» What the task asks
Reproduce every line below exactly as written; do not include the images.

» Record set
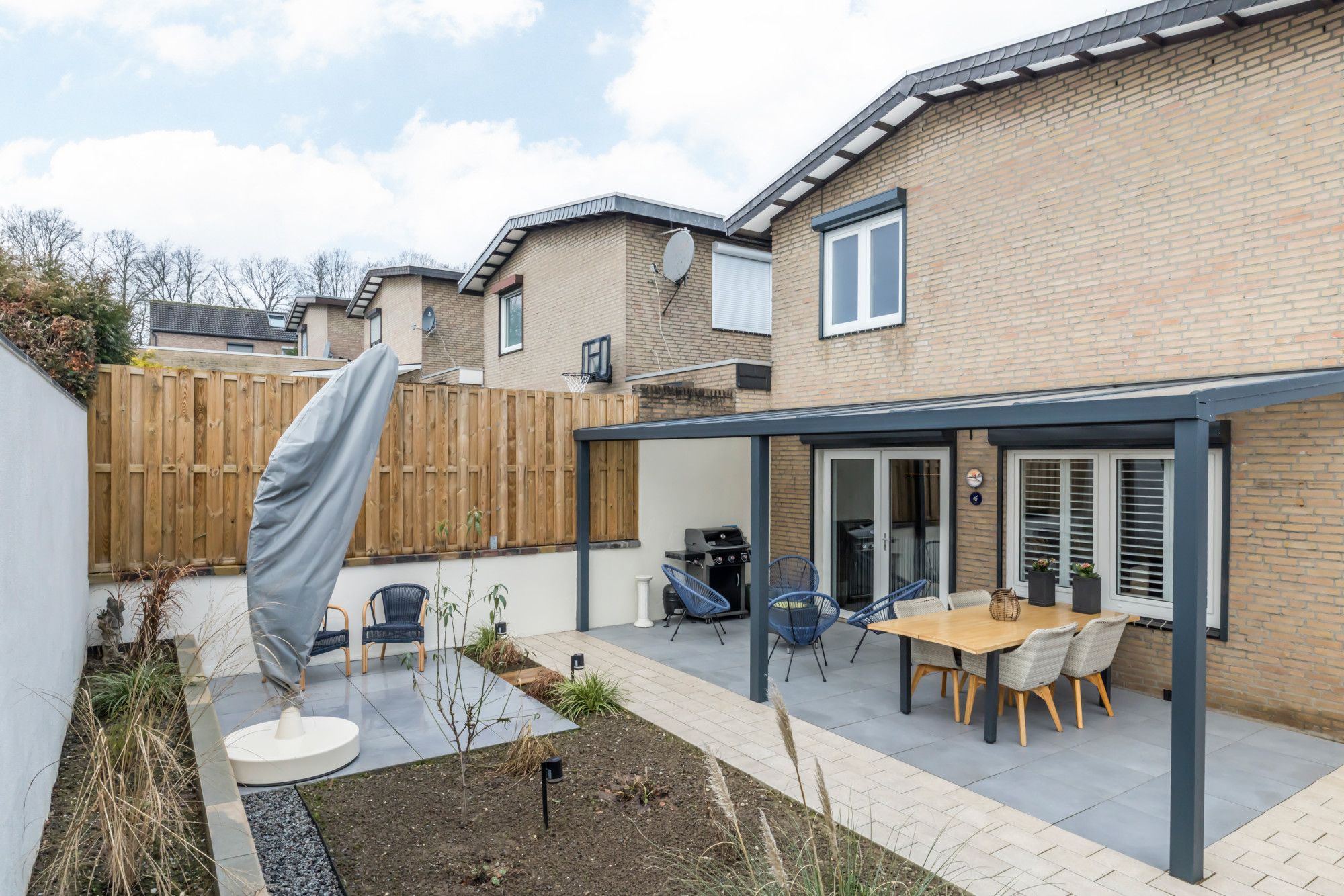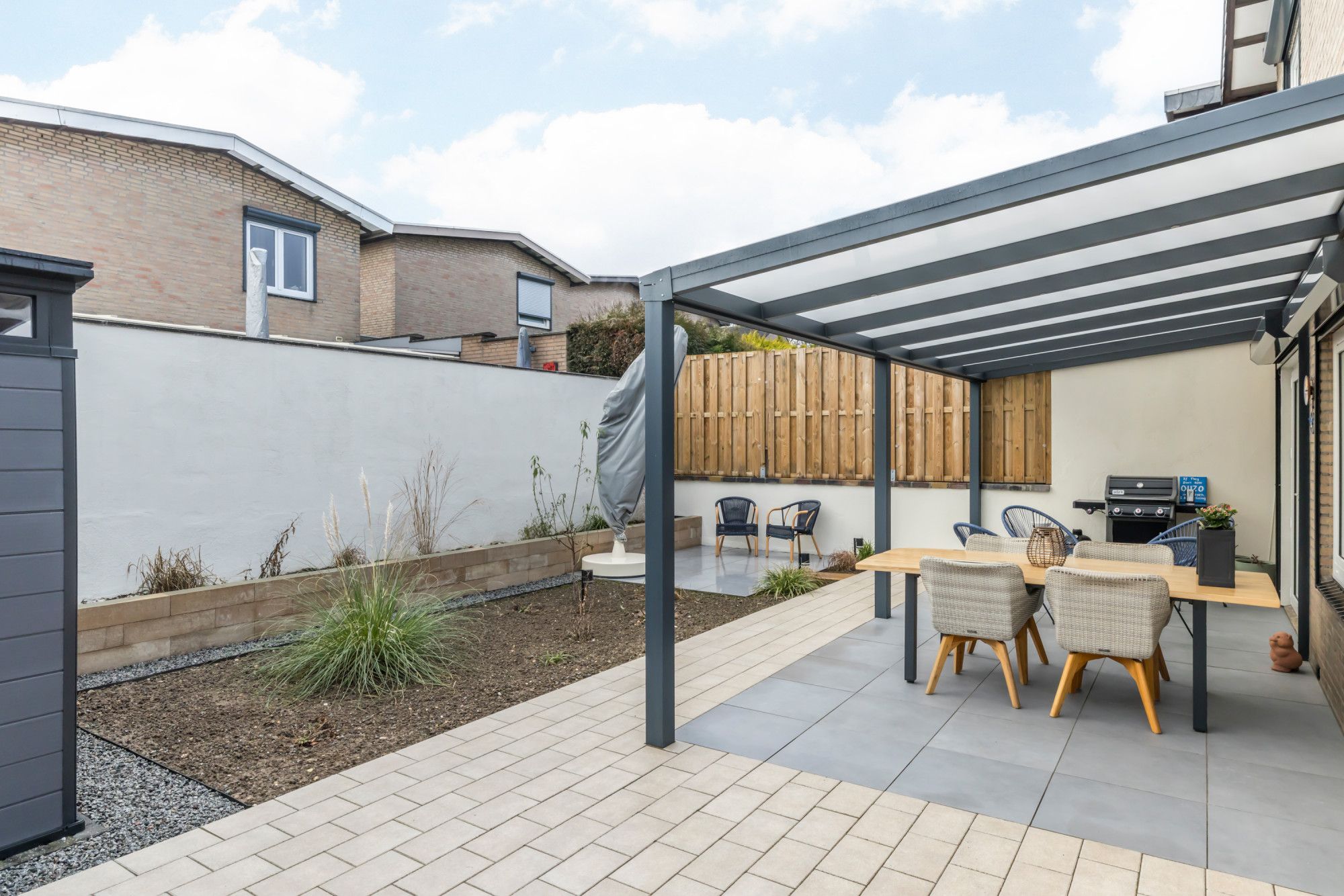 De geheel omsloten, fraai aangelegde achtertuin is gelegen op het zuiden en onderhoudsvriendelijk ingericht met een royaal overdekt terras, gezellige zithoek, borders met aanplanting en een vrijstaande tuinberging. De tuin is tevens bereikbaar via een praktische zijingang.
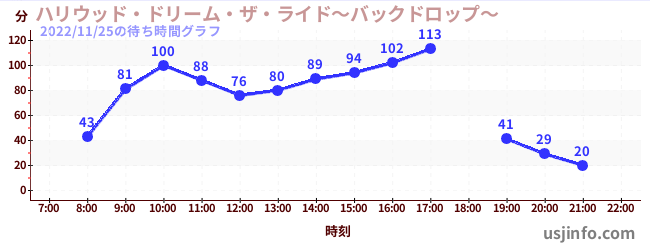 • ハリウッド・ドリーム・ザ・ライド〜バックドロップ〜$B$N(B2022年11月25日の待ち時間
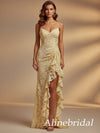 Sexy Yellow Floral Lace Ruffles Backless Prom Dress with Slit, Evening Dress, PD3823034
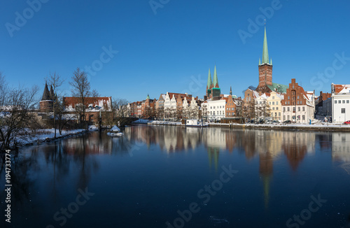 Fototapeta premium Spiegeleis an der Lübecker Obertrave
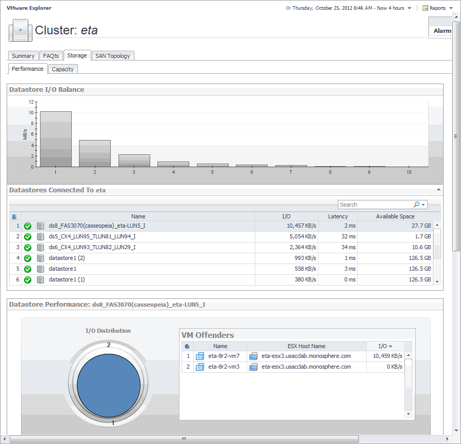 This view lists the datastores connected to the selected cluster and shows performance metrics associated with each datastore.
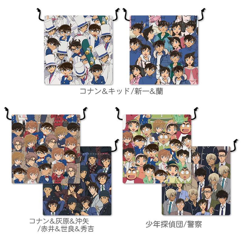 キャラクター総柄デザインの2枚の巾着セットで、人気の高い「コナン&怪盗キッド」や赤井ファミリーなどのデザインもラインナップされています☆
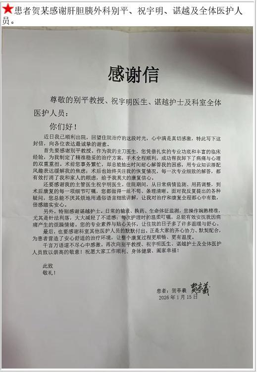 患者贺某的感谢信。-感谢信-患者心声-患者服务-重庆医科大学附属第三医院【官方网站】

» Answer to the problem
 De geheel omsloten, fraai aangelegde achtertuin is gelegen op het zuiden en onderhoudsvriendelijk ingericht met een royaal overdekt terras, gezellige zithoek, borders met aanplanting en een vrijstaande tuinberging. De tuin is tevens bereikbaar via een praktische zijingang.
 • ハリウッド・ドリーム・ザ・ライド〜バックドロップ〜$B$N(B2022年11月25日の待ち時間
 Sexy Yellow Floral Lace Ruffles Backless Prom Dress with Slit, Evening Dress, PD3823034
 Fototapeta premium Spiegeleis an der Lübecker Obertrave
 This view lists the datastores connected to the selected cluster and shows performance metrics associated with each datastore.
 キャラクター総柄デザインの2枚の巾着セットで、人気の高い「コナン&怪盗キッド」や赤井ファミリーなどのデザインもラインナップされています☆
 患者贺某的感谢信。-感谢信-患者心声-患者服务-重庆医科大学附属第三医院【官方网站】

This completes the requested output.